Malco se fijó en el vientre de Nona.

—¿Notas algún dolor?

—No, ninguno —respondió ella y se llevó las manos a la altura de los riñones—. Las molestias de costumbre, nada más.

—Tal vez no te siente bien ir en lancha. ¡Encima en este trasto de los demonios! —exclamó malhumorado al tiempo que se acordaba del torrero—. Falta poco.

—Dos meses, más o menos.

—Poco.

—Una eternidad.

—Antes de que nos demos cuenta, ya seremos padres por tercera vez. ¡Quién nos lo iba a decir! A este paso… ¿De verdad que te encuentras bien?

—¿Por qué no? En caso contrario, te lo diría.

La isla cada vez se encontraba más cercana.

♦ ♦ ♦

Malco tomó la dirección del pequeño puerto de
Th’a
.

En la dársena, unas cuantas lanchas de pescadores y contados barcos de cabotaje.
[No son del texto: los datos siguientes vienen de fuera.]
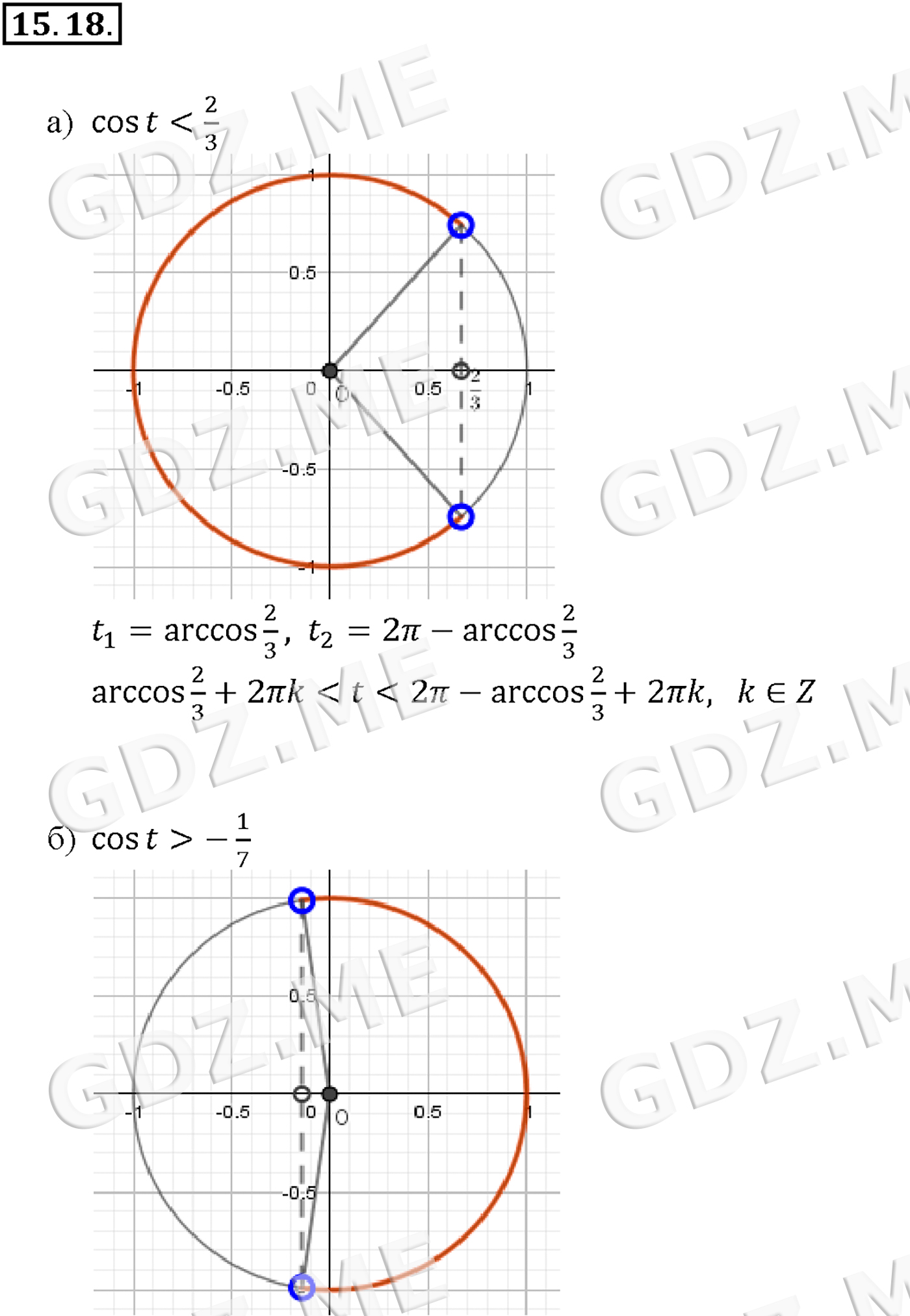 Подробный вариант решения из решебника (ГДЗ): Задание номер 15-18_1 (Глава 2 Тригонометрические функции. Глава 3 Тригонометрические уравнения. §15. Арккосинус. Решение уравнения cos t = a) по предмету Алгебра, за 10 класс, авторы учебника Мордкович, Александрова.

—Es extraño… —murmuró Malco.

—¿El qué?

—Las gaviotas.

—¿Qué les pasa a las gaviotas? —preguntó intrigada.

—No están.

—¿Es que las habías contratado para que nos dieran la bienvenida?
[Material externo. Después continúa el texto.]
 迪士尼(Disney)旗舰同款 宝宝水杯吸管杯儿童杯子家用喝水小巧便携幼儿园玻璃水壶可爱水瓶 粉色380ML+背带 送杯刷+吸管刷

—Las gaviotas nunca abandonan el puerto.

—No sé —dijo ella, indiferente.

Malco le indicó el malecón, la lonja del pescado y los mástiles de los barcos. Estaba acostumbrado a ver las gaviotas flotar en las tranquilas aguas de la dársena, encaramadas en los tejados más cercanos al puerto o subidas a los mástiles. Pero únicamente brillaban al sol sus excrementos, diseminados por todas partes.

—¿Por qué te preocupan las gaviotas? —preguntó ella viéndolo otear.

—No me preocupan, sólo que resulta raro que no se las vea por aquí. Además…

—Quiero un helado —le interrumpió ella.

—¿Cómo?

—Que quiero un helado. Tiene que ser de vainilla. ¿Qué ibas a decirme?

—¿Ves a alguna persona?

—No…

—Ni gaviotas ni…

—¡Una isla abandonada! Malco, ¡no habrá helados! —exclamó fingiendo estar desesperada.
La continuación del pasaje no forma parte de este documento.